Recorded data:

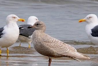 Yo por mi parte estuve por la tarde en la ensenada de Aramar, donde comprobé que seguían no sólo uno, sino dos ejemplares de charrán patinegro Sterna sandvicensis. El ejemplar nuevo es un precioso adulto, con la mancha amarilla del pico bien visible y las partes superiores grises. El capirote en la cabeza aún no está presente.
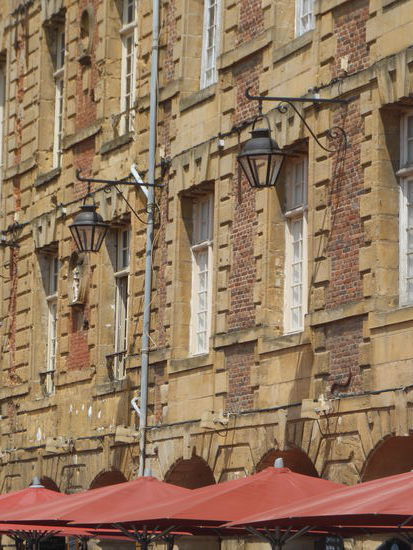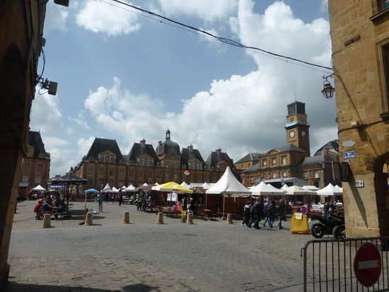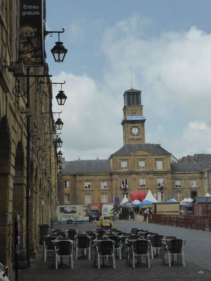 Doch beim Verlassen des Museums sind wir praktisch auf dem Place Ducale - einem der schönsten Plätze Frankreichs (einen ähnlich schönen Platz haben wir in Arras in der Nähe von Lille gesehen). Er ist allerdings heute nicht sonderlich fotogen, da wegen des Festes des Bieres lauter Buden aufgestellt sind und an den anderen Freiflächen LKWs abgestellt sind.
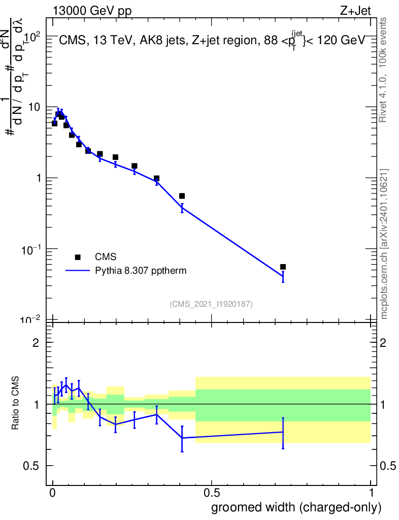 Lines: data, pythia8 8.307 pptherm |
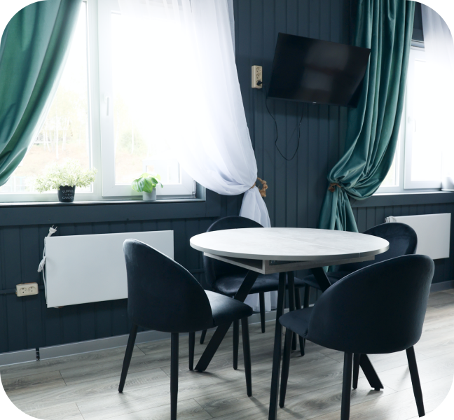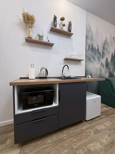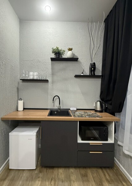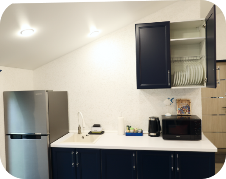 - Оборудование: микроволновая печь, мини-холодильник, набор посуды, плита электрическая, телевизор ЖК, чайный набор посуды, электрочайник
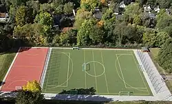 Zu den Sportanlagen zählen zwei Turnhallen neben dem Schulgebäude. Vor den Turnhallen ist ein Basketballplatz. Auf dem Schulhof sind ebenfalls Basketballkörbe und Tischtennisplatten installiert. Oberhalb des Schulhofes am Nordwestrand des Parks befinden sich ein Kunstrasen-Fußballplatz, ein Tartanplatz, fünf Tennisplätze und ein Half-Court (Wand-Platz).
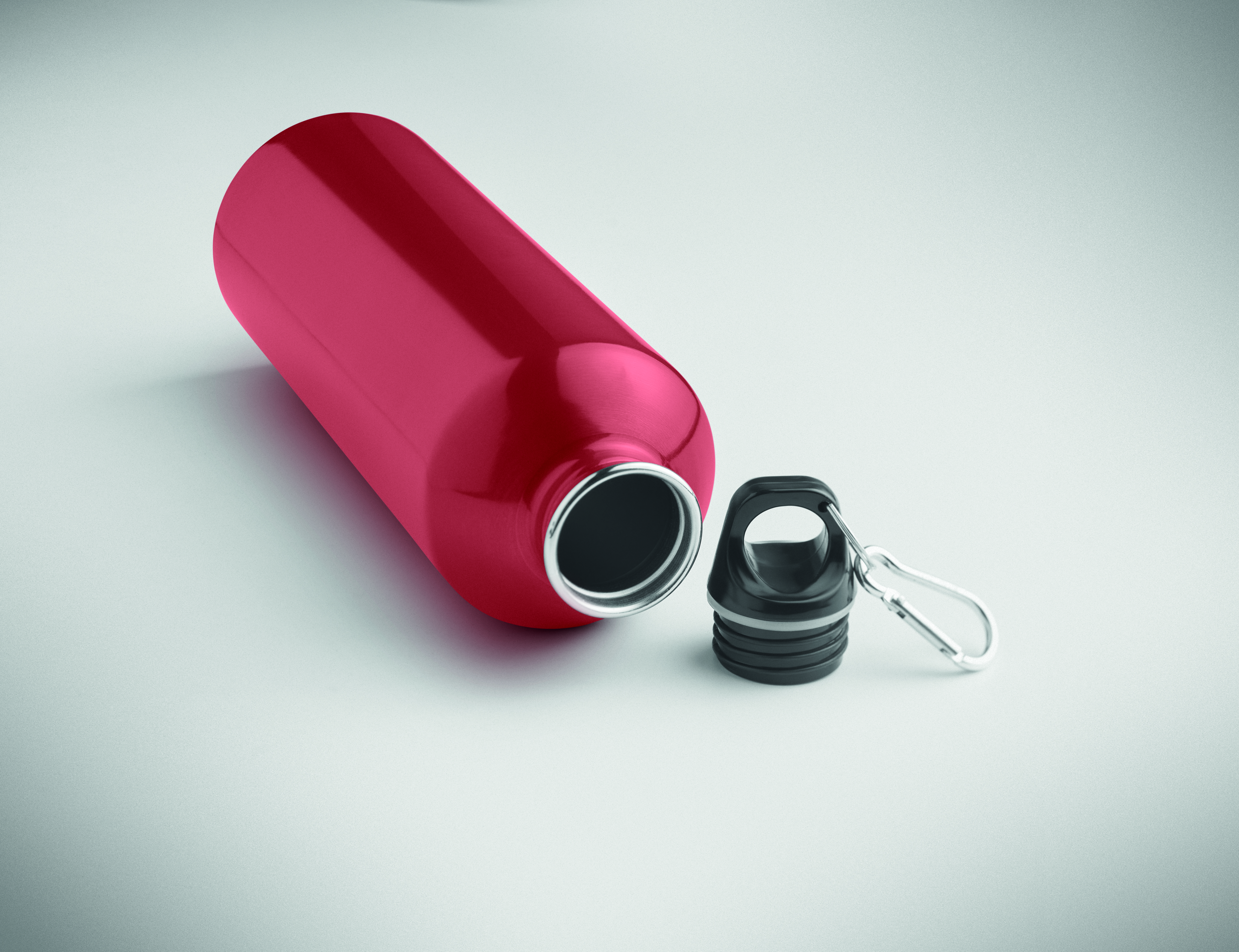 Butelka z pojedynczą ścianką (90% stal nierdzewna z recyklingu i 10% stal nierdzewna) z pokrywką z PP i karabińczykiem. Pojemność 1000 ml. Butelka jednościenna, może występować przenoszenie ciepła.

■ **Task description**: All pictures must be left out. Reproduce exactly the lines from the one containing "Zu den Sportanlagen" to the final line of the entries.

■ **Task solution**:
 Zu den Sportanlagen zählen zwei Turnhallen neben dem Schulgebäude. Vor den Turnhallen ist ein Basketballplatz. Auf dem Schulhof sind ebenfalls Basketballkörbe und Tischtennisplatten installiert. Oberhalb des Schulhofes am Nordwestrand des Parks befinden sich ein Kunstrasen-Fußballplatz, ein Tartanplatz, fünf Tennisplätze und ein Half-Court (Wand-Platz).
 Butelka z pojedynczą ścianką (90% stal nierdzewna z recyklingu i 10% stal nierdzewna) z pokrywką z PP i karabińczykiem. Pojemność 1000 ml. Butelka jednościenna, może występować przenoszenie ciepła.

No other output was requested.